Peter Paul Rubens (1577–1640) never crossed the Atlantic himself, but his impact in colonial Latin America was profound. Prints made after the Flemish artist’s designs were routinely sent from Europe to the Spanish Americas, where artists used them to make all manner of objects.
Rubens in Repeat is the first comprehensive study of this transatlantic phenomenon, despite broad recognition that it was one of the most important forces to shape the artistic landscapes of the region. Copying, particularly in colonial contexts, has traditionally held negative implications that have discouraged its serious exploration. Yet analyzing the interpretation of printed sources and recontextualizing the resulting works within period discourse and their original spaces of display allow a new critical reassessment of this broad category of art produced in colonial Latin America—art that has all too easily been dismissed as derivative and thus unworthy of sustained interest and investigation. This book takes a new approach to the paradigms of artistic authorship that emerged alongside these complex creative responses, focusing on the viceroyalties of New Spain and Peru in the seventeenth and eighteenth centuries.
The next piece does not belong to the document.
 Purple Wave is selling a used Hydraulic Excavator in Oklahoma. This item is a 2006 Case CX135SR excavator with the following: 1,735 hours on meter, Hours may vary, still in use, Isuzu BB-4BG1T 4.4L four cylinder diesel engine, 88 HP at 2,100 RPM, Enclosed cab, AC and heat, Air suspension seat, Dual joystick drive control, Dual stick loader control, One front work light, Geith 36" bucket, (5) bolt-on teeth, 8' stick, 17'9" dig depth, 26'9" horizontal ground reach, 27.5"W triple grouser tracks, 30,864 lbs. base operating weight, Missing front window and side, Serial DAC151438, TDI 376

It argues that the use of European prints was an essential component of the very framework in which colonial artists forged ideas about what it meant to be a creator.
Aaron M. Hyman is assistant professor in the Department of the History of Art at Johns Hopkins University.
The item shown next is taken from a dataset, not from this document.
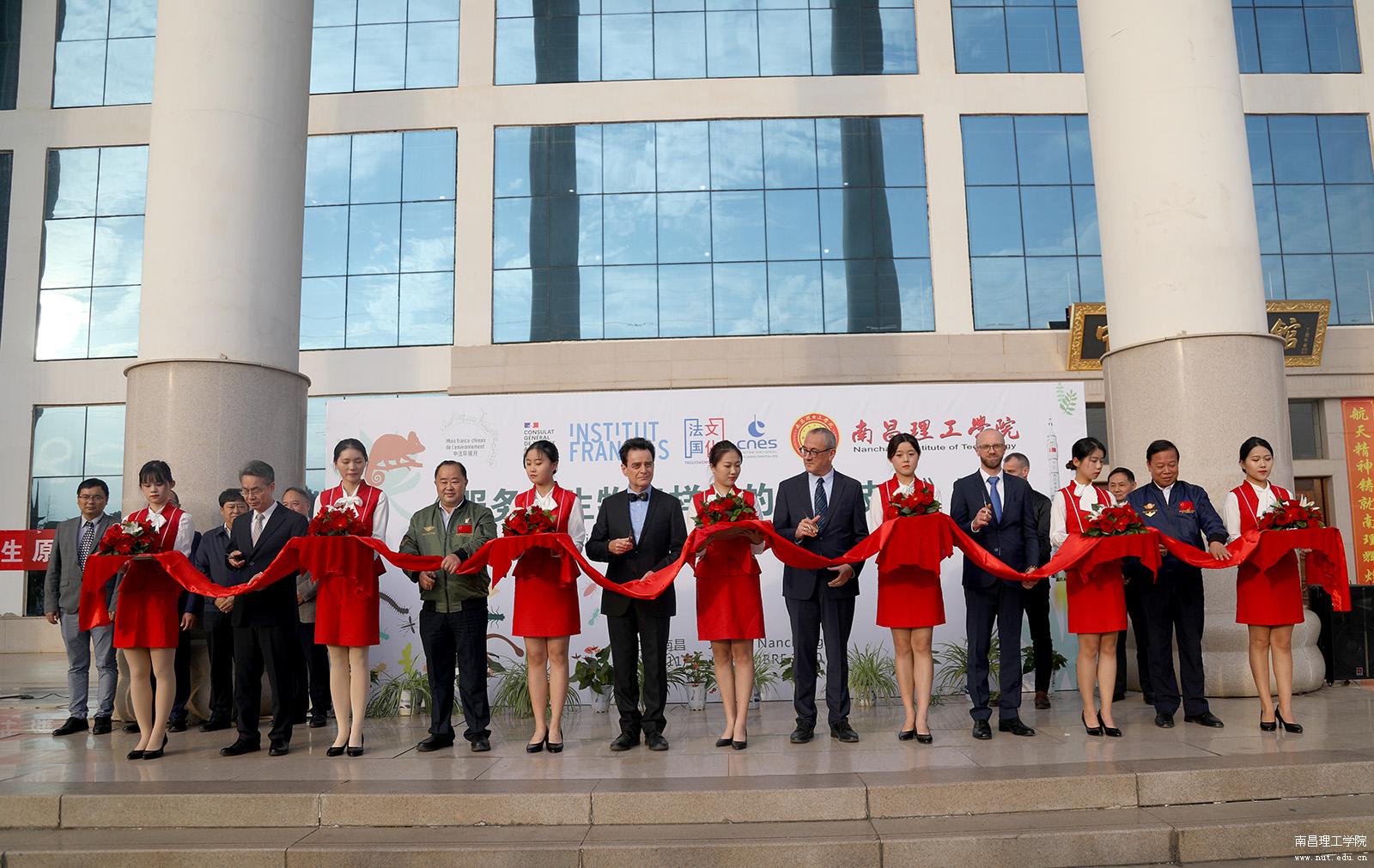 随后,出席活动的主要嘉宾代表共同为第七届中法环境月活动进行剪彩开幕。剪彩仪式后,法国国家空间研究中心北京办事处主任包若柏先生进行了详细的讲解式导览。

“This book’s four strengths give the reader compelling reasons to remain engaged throughout. The first of these will be apparent from the outset—the 145 colour illustrations generously make visible the book’s subject matter and defy the usual limitations imposed by publishers upon scholars of Visual Culture and Art History.”
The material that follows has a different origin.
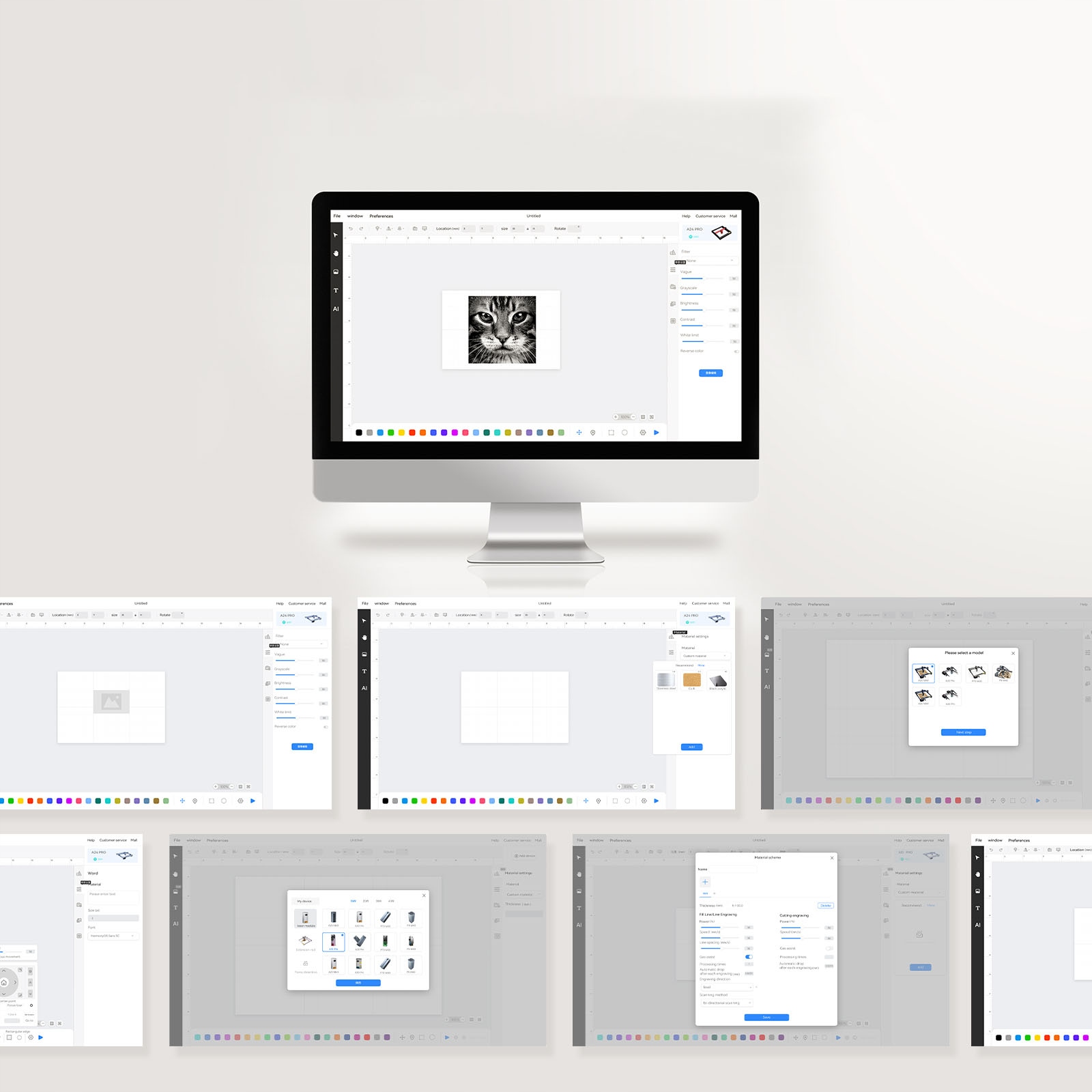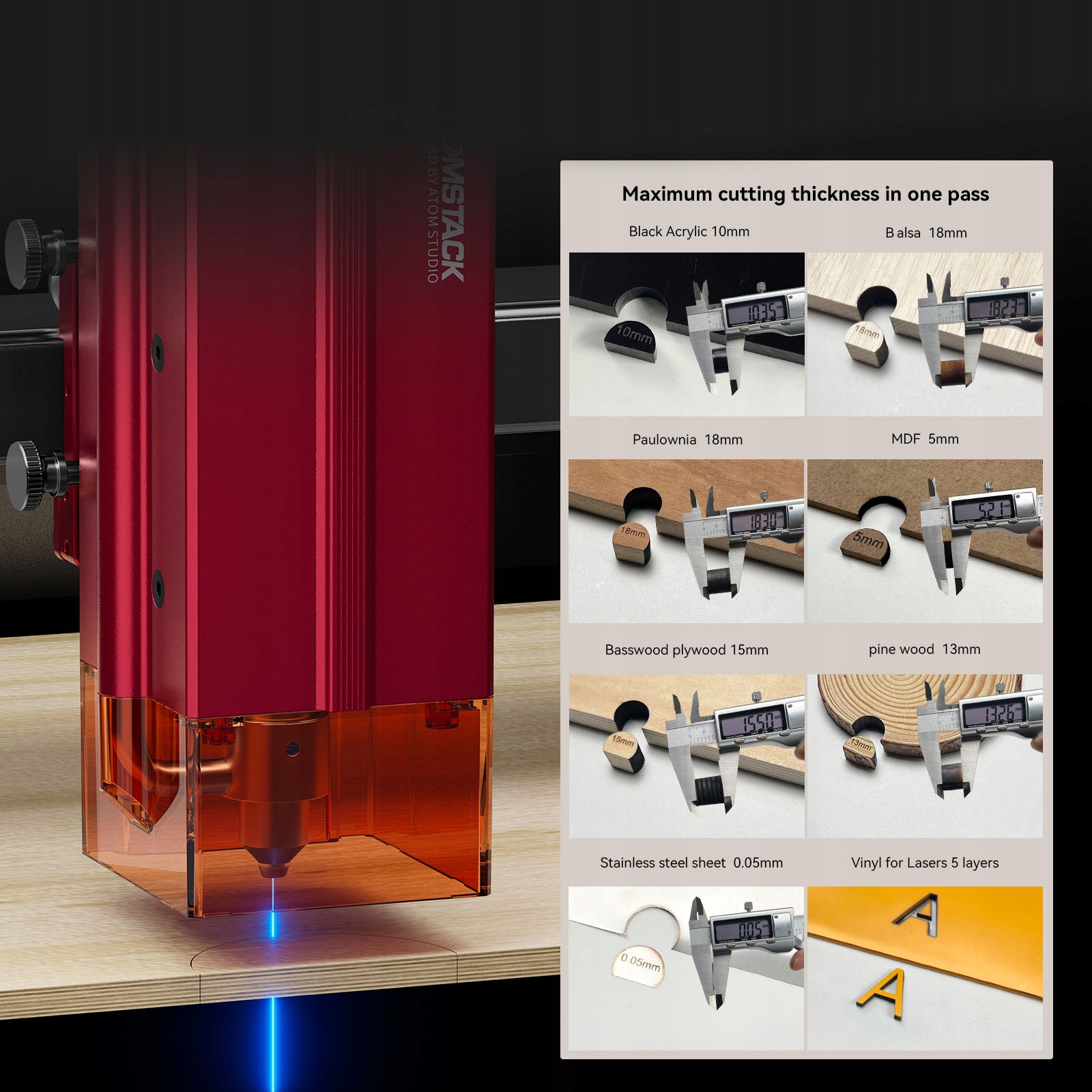 - Материалы для резьбы: дерево, бамбук, картон, пластик, кожа, печатная плата, оксид алюминия, гальванический и неотражающий лаковый металл, зеркальная нержавеющая сталь 304, стекло, керамика, х/б ткань, шифер;

—Lauren Beck, Bulletin of Spanish Visual Studies
“Thoroughly researched, generously argued, and copiously appointed.”
—Arthur J. DiFuria, Historians of Netherlandish Art Reviews
“Hyman’s incisive new book not only relocates neglected works by Latin American colonial artists, but it also challenges wider art-historical methodology for a new generation of globally-minded scholars. This well-illustrated product of the Getty Research Institute revises ingrained concepts. It provides a provocative new ‘logic of the copy’, whether conforming or transforming or both, within regional artistic networks and viewing communities.”
—Larry Silver, Journal of the Northern Renaissance
“Rubens in Repeat does the important work of centering copying practices that were ubiquitous in medieval and early modern Europe as well as colonial Latin America and yet have been relegated for the most part to the margins of art history.”
—Amy Knight Powell, The Art Bulletin
“[An] intellectually ambitious book [that] tackles a fundamental aspect of colonial painting.”
—Evonne Levy, Latin American and Latinx Visual Culture
“Carefully researched, lucidly conceived, and confidently written, this book leads its readers to the scattered, still little-known artworks in Latin America and the spaces and environments which they shaped into places of new artistic and religious experiences. . . . Both for the richness of its visual material and its rigorous and insightful methodological approach this is an important book, for scholars of both Latin American and European art. It encourages us to critically engage with artistic possibilities originating in different logics of copying and repetition and to be attentive to the multiple and dynamically shifting meanings of terms such as invention and ingenuity in diverse geographical and cultural contexts. Last but not least Rubens in Repeatis beautifully produced, and the publisher’s attention to a fine layout and the consistent high quality of the illustrations makes it a pleasure to read.”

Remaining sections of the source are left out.